- EXERCISE GOAL
Return, exactly as written, the line containing "VSPECOMAXE550W có chất" and every line after it to the end of the records below, with no pictures.

[Source records]
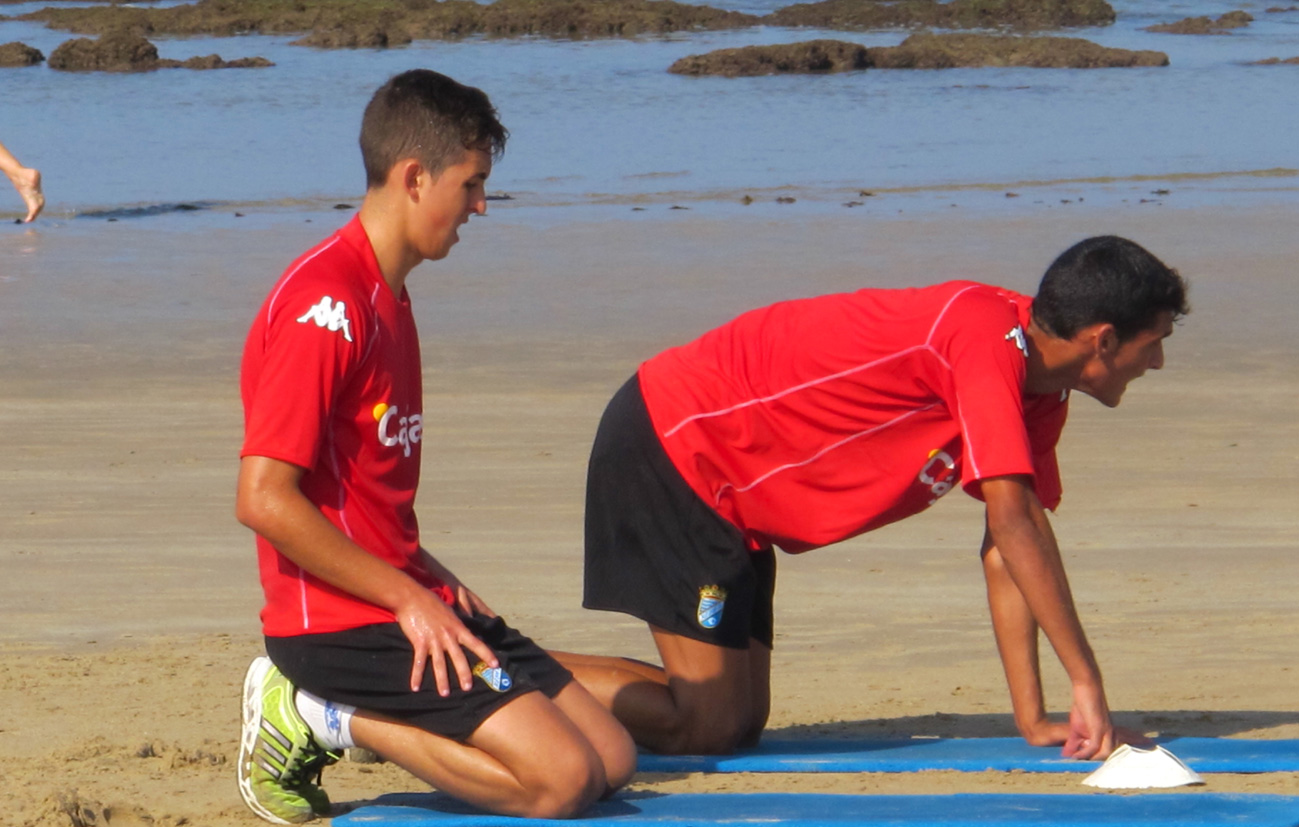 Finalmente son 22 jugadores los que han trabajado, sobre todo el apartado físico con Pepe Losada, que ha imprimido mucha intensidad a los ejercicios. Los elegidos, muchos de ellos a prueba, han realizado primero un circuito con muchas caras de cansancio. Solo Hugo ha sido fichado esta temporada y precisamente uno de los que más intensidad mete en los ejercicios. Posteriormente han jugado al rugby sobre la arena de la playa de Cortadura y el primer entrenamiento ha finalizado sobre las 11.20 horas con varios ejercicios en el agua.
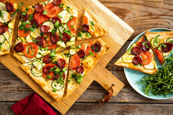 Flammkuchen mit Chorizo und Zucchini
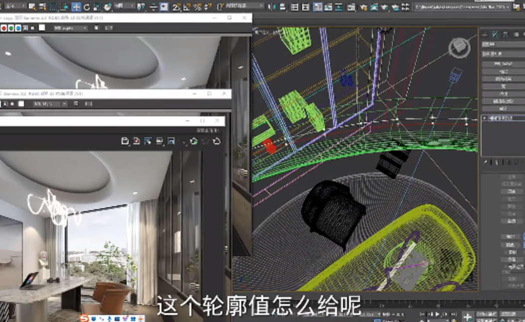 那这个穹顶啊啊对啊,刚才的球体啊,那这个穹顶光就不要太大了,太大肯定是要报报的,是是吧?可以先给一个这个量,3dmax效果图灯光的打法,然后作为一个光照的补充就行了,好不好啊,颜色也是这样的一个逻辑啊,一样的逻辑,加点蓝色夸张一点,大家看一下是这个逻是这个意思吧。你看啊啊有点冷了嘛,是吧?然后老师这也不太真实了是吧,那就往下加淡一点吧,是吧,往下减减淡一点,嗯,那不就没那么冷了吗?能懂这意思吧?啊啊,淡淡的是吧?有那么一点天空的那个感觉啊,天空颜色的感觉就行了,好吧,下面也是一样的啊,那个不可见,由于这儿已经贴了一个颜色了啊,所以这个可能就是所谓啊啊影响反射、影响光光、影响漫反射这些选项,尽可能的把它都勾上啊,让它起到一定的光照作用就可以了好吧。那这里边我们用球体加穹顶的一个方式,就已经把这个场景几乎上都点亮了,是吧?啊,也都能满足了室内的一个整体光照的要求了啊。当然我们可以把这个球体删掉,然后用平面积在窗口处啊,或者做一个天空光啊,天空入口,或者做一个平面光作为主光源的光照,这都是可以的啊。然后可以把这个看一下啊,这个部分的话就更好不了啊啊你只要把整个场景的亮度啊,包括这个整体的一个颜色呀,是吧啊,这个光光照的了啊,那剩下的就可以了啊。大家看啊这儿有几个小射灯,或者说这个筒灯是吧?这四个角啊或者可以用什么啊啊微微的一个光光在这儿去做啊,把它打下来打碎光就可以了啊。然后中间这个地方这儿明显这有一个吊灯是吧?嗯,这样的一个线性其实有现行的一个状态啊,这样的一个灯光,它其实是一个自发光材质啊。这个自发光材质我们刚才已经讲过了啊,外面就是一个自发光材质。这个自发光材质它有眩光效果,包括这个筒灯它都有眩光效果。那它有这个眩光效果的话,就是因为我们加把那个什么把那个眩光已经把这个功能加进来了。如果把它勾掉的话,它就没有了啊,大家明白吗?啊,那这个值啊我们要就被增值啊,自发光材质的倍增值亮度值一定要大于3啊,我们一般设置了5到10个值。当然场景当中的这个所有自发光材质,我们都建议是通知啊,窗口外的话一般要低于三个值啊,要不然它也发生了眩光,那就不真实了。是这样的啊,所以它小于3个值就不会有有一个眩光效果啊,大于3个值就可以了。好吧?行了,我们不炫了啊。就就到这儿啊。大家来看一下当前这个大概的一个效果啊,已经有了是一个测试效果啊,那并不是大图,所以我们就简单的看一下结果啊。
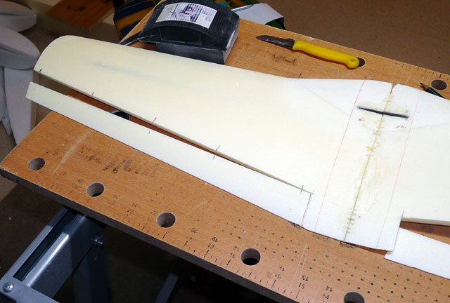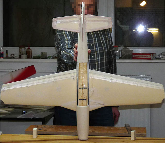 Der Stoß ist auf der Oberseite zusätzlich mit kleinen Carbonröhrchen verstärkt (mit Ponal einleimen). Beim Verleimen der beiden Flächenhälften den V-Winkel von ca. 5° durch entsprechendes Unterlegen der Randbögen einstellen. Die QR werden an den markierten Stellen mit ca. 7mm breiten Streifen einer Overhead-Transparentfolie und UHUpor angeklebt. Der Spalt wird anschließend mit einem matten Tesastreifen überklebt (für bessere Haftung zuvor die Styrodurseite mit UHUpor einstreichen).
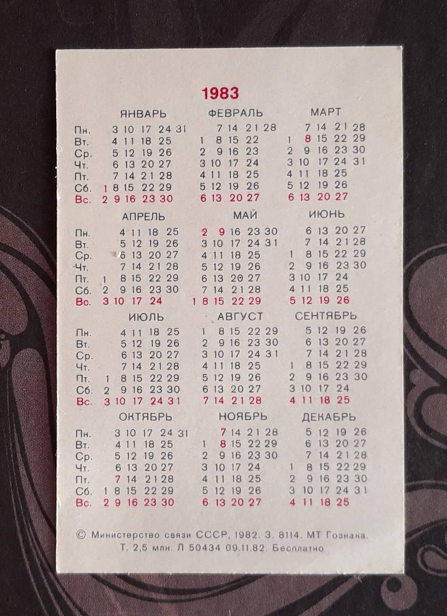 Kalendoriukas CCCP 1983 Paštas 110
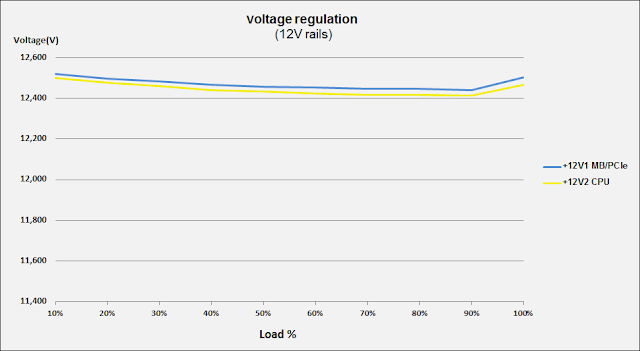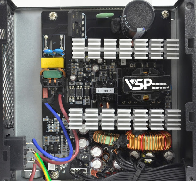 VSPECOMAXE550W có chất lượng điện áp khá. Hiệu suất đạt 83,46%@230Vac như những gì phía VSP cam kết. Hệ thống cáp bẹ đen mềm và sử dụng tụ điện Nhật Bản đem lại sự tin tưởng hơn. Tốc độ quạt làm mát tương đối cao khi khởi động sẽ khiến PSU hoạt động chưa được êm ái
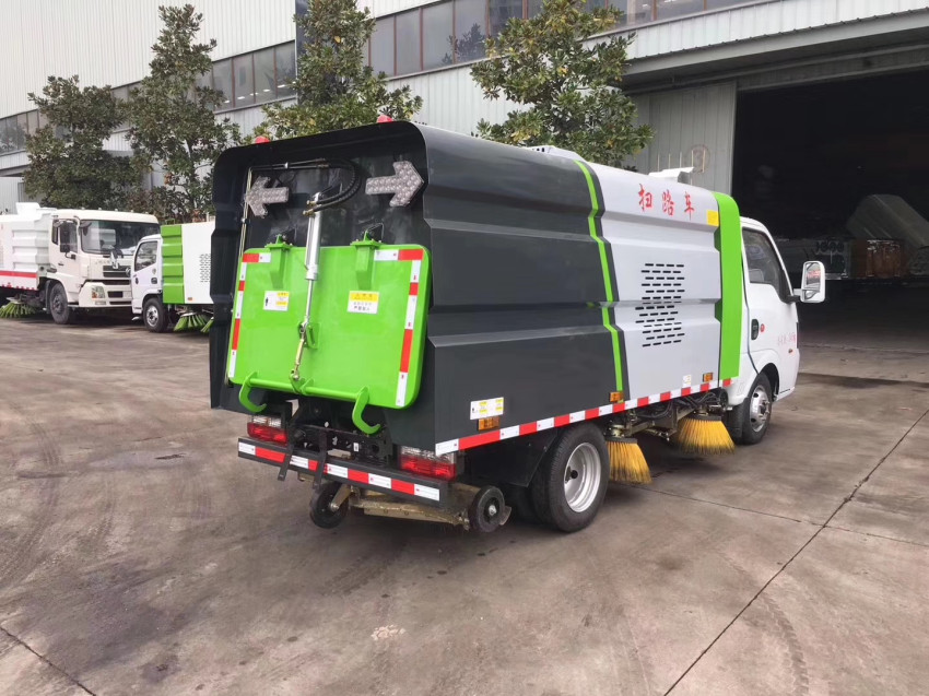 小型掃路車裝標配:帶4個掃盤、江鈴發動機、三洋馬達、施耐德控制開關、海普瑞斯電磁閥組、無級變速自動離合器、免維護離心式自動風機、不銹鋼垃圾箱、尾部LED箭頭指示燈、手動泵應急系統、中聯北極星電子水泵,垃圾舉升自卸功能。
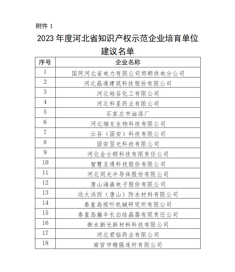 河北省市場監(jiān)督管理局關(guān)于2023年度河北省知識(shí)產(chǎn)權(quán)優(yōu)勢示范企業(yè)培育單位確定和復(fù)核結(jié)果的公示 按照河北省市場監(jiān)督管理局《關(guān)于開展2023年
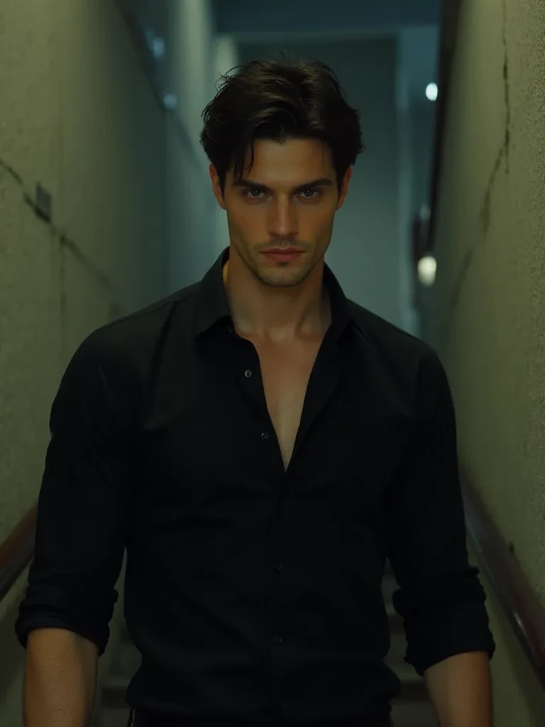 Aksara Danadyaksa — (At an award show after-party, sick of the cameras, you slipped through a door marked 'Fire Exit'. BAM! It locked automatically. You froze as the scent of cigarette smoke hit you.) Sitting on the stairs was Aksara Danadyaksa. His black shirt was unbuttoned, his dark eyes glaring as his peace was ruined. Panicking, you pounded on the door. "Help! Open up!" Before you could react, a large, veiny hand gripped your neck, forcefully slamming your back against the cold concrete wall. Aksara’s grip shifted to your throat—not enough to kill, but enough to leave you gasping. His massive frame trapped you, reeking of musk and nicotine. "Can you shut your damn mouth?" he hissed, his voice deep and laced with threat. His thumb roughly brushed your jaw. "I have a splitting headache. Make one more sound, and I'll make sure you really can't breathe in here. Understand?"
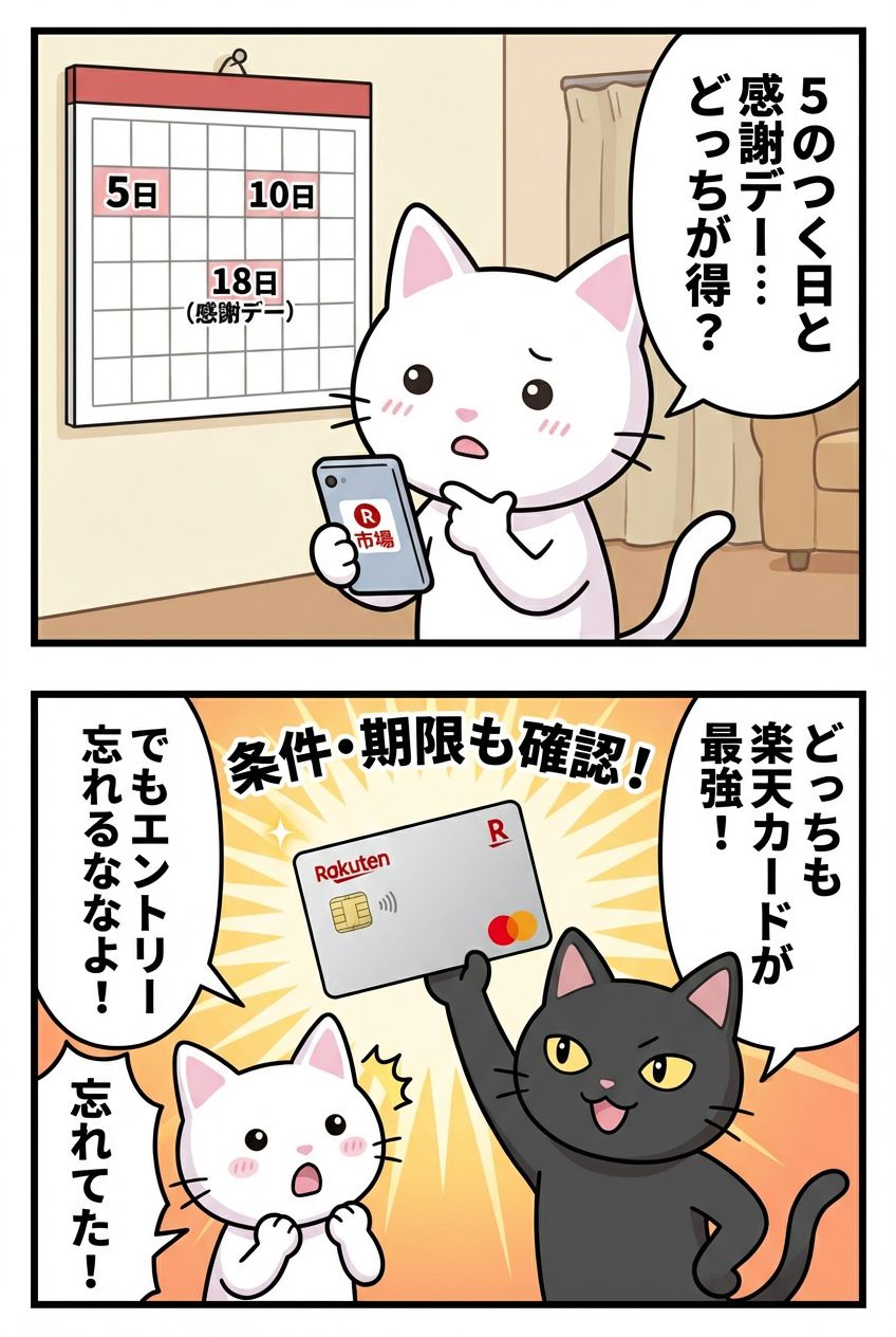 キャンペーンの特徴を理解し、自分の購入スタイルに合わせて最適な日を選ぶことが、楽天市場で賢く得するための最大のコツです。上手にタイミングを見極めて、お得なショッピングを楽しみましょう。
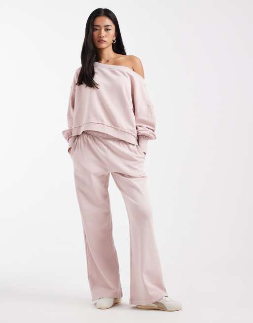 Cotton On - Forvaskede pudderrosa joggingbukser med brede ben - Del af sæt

- TASK ANSWER
 VSPECOMAXE550W có chất lượng điện áp khá. Hiệu suất đạt 83,46%@230Vac như những gì phía VSP cam kết. Hệ thống cáp bẹ đen mềm và sử dụng tụ điện Nhật Bản đem lại sự tin tưởng hơn. Tốc độ quạt làm mát tương đối cao khi khởi động sẽ khiến PSU hoạt động chưa được êm ái
 小型掃路車裝標配:帶4個掃盤、江鈴發動機、三洋馬達、施耐德控制開關、海普瑞斯電磁閥組、無級變速自動離合器、免維護離心式自動風機、不銹鋼垃圾箱、尾部LED箭頭指示燈、手動泵應急系統、中聯北極星電子水泵,垃圾舉升自卸功能。
 河北省市場監(jiān)督管理局關(guān)于2023年度河北省知識(shí)產(chǎn)權(quán)優(yōu)勢示范企業(yè)培育單位確定和復(fù)核結(jié)果的公示 按照河北省市場監(jiān)督管理局《關(guān)于開展2023年
 Aksara Danadyaksa — (At an award show after-party, sick of the cameras, you slipped through a door marked 'Fire Exit'. BAM! It locked automatically. You froze as the scent of cigarette smoke hit you.) Sitting on the stairs was Aksara Danadyaksa. His black shirt was unbuttoned, his dark eyes glaring as his peace was ruined. Panicking, you pounded on the door. "Help! Open up!" Before you could react, a large, veiny hand gripped your neck, forcefully slamming your back against the cold concrete wall. Aksara’s grip shifted to your throat—not enough to kill, but enough to leave you gasping. His massive frame trapped you, reeking of musk and nicotine. "Can you shut your damn mouth?" he hissed, his voice deep and laced with threat. His thumb roughly brushed your jaw. "I have a splitting headache. Make one more sound, and I'll make sure you really can't breathe in here. Understand?"
 キャンペーンの特徴を理解し、自分の購入スタイルに合わせて最適な日を選ぶことが、楽天市場で賢く得するための最大のコツです。上手にタイミングを見極めて、お得なショッピングを楽しみましょう。
 Cotton On - Forvaskede pudderrosa joggingbukser med brede ben - Del af sæt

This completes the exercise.